Data to process =>
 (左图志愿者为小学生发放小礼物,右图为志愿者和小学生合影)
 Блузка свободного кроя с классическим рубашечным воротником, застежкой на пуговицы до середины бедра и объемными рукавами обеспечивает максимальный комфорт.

==

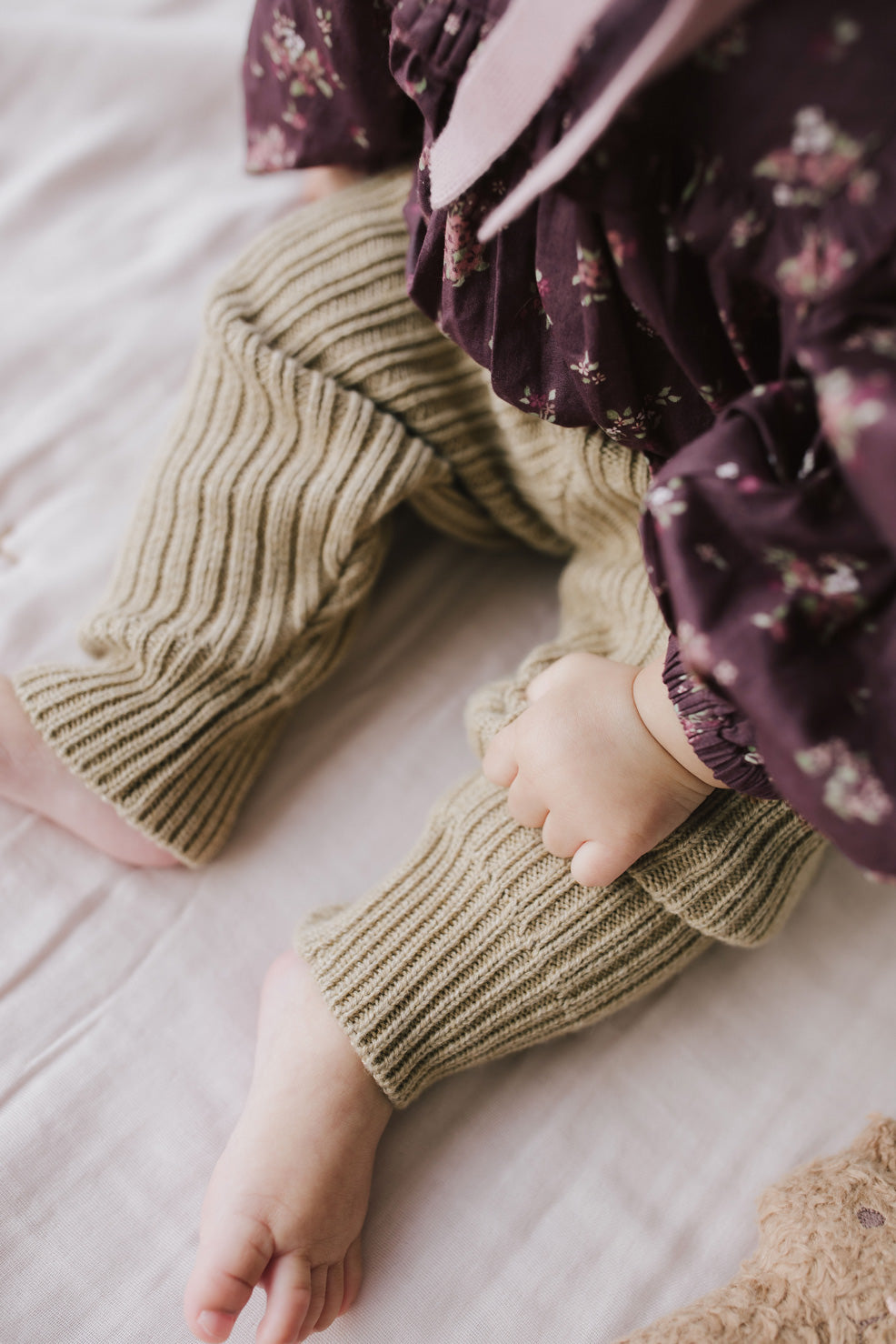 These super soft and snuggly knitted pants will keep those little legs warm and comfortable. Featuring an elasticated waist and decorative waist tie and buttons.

--

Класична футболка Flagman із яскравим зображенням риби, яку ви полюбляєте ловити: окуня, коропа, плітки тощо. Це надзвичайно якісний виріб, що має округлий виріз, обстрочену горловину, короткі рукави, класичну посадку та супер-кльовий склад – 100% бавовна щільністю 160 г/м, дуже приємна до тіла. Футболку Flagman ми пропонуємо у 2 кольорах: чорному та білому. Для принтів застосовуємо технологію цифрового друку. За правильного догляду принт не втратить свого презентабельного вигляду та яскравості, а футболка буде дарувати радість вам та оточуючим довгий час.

Required action => Only the lines above starting at the one containing "(左图志愿者为小学生发放小礼物,右图为志愿者和小学生合影)" and ending at the one containing "Блузка свободного кроя", both included, are to be returned, exactly as they read.

Task response =>
 (左图志愿者为小学生发放小礼物,右图为志愿者和小学生合影)
 Блузка свободного кроя с классическим рубашечным воротником, застежкой на пуговицы до середины бедра и объемными рукавами обеспечивает максимальный комфорт.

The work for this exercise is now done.